DATA BELOW:
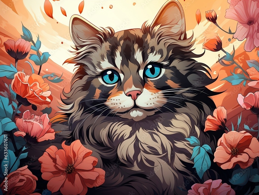 Watercolor Blue Point Ragdoll Cat With Flowers Around
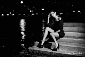 According to Breton, lyrically the loved woman has the arms in the same time of foam and sluice gate. The beauty is able to harmonize the buxomness on the slenderness. So, even the salt water would help the life, while the mill, with its blades, will allow a “jumble falsely impure”, of the ground wheat, to fluctuate. Angie was framed for a shot in black and white. She poses sitting on the steps of an entry to the water: who knows if fresh or salt. We like imagining the configuration “in a mill” of the limbs, which have a propulsion by the blades. The staircase could turn (with the complicity of the framing in photography). Something which will virtually start a “grinding” of the waves. Perhaps, finally, a “little plant” as firework will rise, and perfectly from the projection of the left arm, whose hand, having the fingers for “a mooring” of the face, would induce the thought to seize a right “pinch of magic”, for the beauty of the life. Here we perceive much more a foam, compared to a sluice gate.
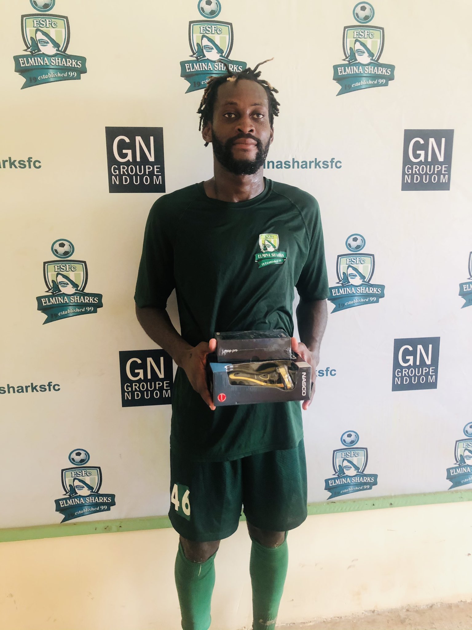 Elmina Sharks FC defender Geoffrey Edwin Acheampong was named man of the match award in the fearsome sharks come from behind victory of the Miners on Sunday.
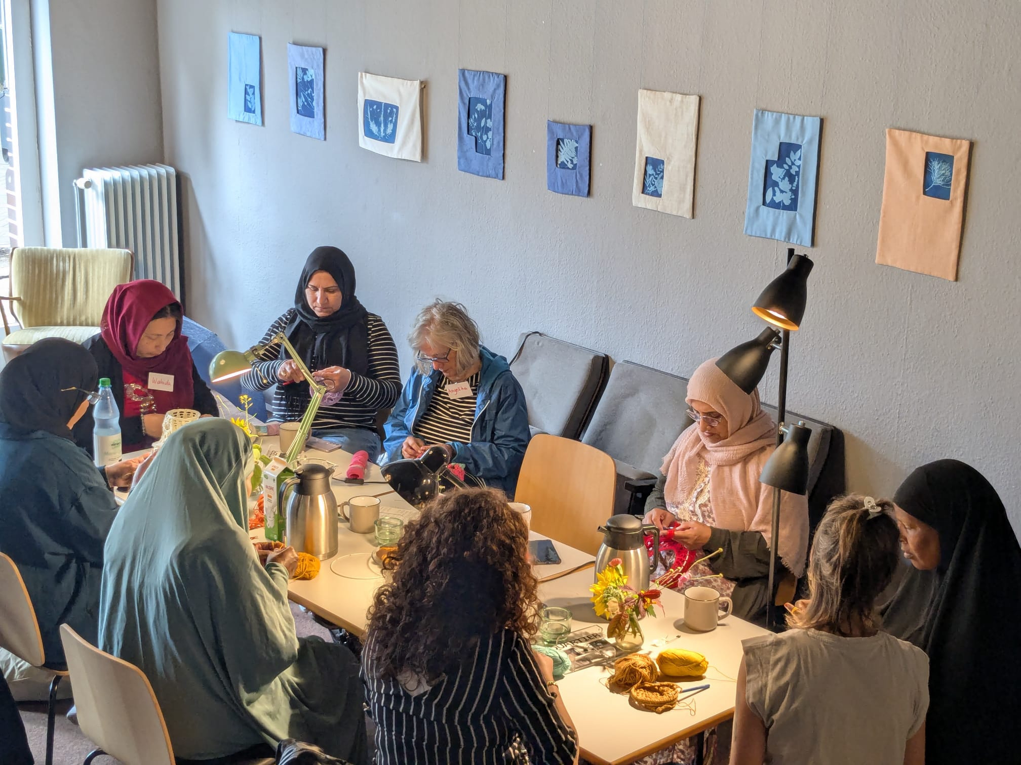 Ziel war das NUNATAK, wo eine Ausstellung zu Blaudrucken den Wandel von Farbe und Material durch Sonnenlicht erfahrbar machte. Bei einem Getränk gab es abschließend Gelegenheit, sich über das Gehörte und Gesehene auszutauschen und den Nachmittag ausklingen zu lassen.

YOUR GOAL:
Quote exactly the lines from the line that contains "According to Breton, lyrically" through the last line of the listing, please, leaving out all pictures.

RESULT FOR THIS EXERCISE:
 According to Breton, lyrically the loved woman has the arms in the same time of foam and sluice gate. The beauty is able to harmonize the buxomness on the slenderness. So, even the salt water would help the life, while the mill, with its blades, will allow a “jumble falsely impure”, of the ground wheat, to fluctuate. Angie was framed for a shot in black and white. She poses sitting on the steps of an entry to the water: who knows if fresh or salt. We like imagining the configuration “in a mill” of the limbs, which have a propulsion by the blades. The staircase could turn (with the complicity of the framing in photography). Something which will virtually start a “grinding” of the waves. Perhaps, finally, a “little plant” as firework will rise, and perfectly from the projection of the left arm, whose hand, having the fingers for “a mooring” of the face, would induce the thought to seize a right “pinch of magic”, for the beauty of the life. Here we perceive much more a foam, compared to a sluice gate.
 Elmina Sharks FC defender Geoffrey Edwin Acheampong was named man of the match award in the fearsome sharks come from behind victory of the Miners on Sunday.
 Ziel war das NUNATAK, wo eine Ausstellung zu Blaudrucken den Wandel von Farbe und Material durch Sonnenlicht erfahrbar machte. Bei einem Getränk gab es abschließend Gelegenheit, sich über das Gehörte und Gesehene auszutauschen und den Nachmittag ausklingen zu lassen.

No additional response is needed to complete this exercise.